WORK INSTRUCTIONS
Using the records below, write out only the lines from the line containing "Prekrasne zavjese, pozlaćeni" up to and including the line containing "La 42, al igual", exactly, with no pictures.

THE INPUT
▶

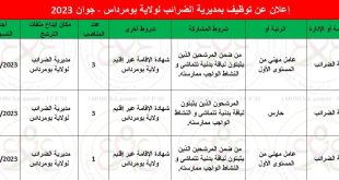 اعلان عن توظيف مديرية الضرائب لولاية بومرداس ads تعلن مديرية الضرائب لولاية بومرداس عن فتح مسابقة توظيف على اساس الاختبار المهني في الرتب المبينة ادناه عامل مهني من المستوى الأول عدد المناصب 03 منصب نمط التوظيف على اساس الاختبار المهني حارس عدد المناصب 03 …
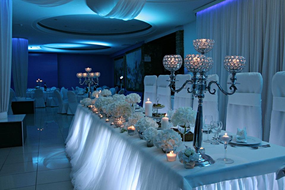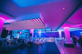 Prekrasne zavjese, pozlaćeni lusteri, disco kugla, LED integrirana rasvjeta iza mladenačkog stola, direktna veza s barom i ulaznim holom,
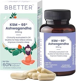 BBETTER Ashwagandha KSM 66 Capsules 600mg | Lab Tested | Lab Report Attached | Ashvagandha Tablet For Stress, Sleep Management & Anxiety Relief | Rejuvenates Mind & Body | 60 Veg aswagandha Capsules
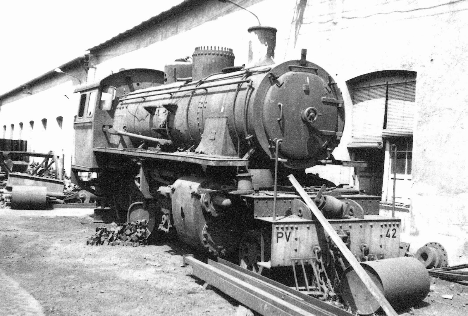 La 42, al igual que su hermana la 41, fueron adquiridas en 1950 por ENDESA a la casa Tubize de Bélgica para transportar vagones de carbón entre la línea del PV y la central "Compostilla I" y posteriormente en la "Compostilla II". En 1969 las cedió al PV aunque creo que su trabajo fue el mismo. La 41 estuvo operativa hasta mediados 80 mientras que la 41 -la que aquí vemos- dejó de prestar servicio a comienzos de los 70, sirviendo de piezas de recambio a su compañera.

◀
▶

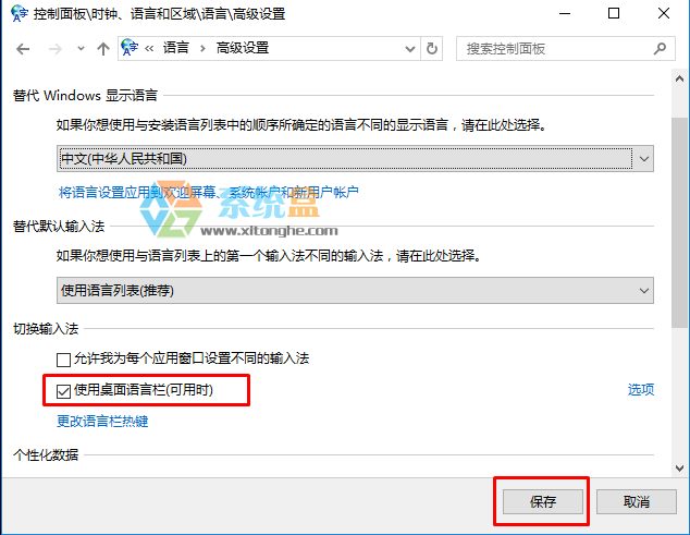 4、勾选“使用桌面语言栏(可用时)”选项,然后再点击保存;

◀
▶

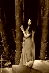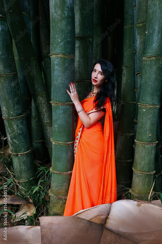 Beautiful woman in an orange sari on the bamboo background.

◀

SOLUTION FOR THIS TASK
 Prekrasne zavjese, pozlaćeni lusteri, disco kugla, LED integrirana rasvjeta iza mladenačkog stola, direktna veza s barom i ulaznim holom,
 BBETTER Ashwagandha KSM 66 Capsules 600mg | Lab Tested | Lab Report Attached | Ashvagandha Tablet For Stress, Sleep Management & Anxiety Relief | Rejuvenates Mind & Body | 60 Veg aswagandha Capsules
 La 42, al igual que su hermana la 41, fueron adquiridas en 1950 por ENDESA a la casa Tubize de Bélgica para transportar vagones de carbón entre la línea del PV y la central "Compostilla I" y posteriormente en la "Compostilla II". En 1969 las cedió al PV aunque creo que su trabajo fue el mismo. La 41 estuvo operativa hasta mediados 80 mientras que la 41 -la que aquí vemos- dejó de prestar servicio a comienzos de los 70, sirviendo de piezas de recambio a su compañera.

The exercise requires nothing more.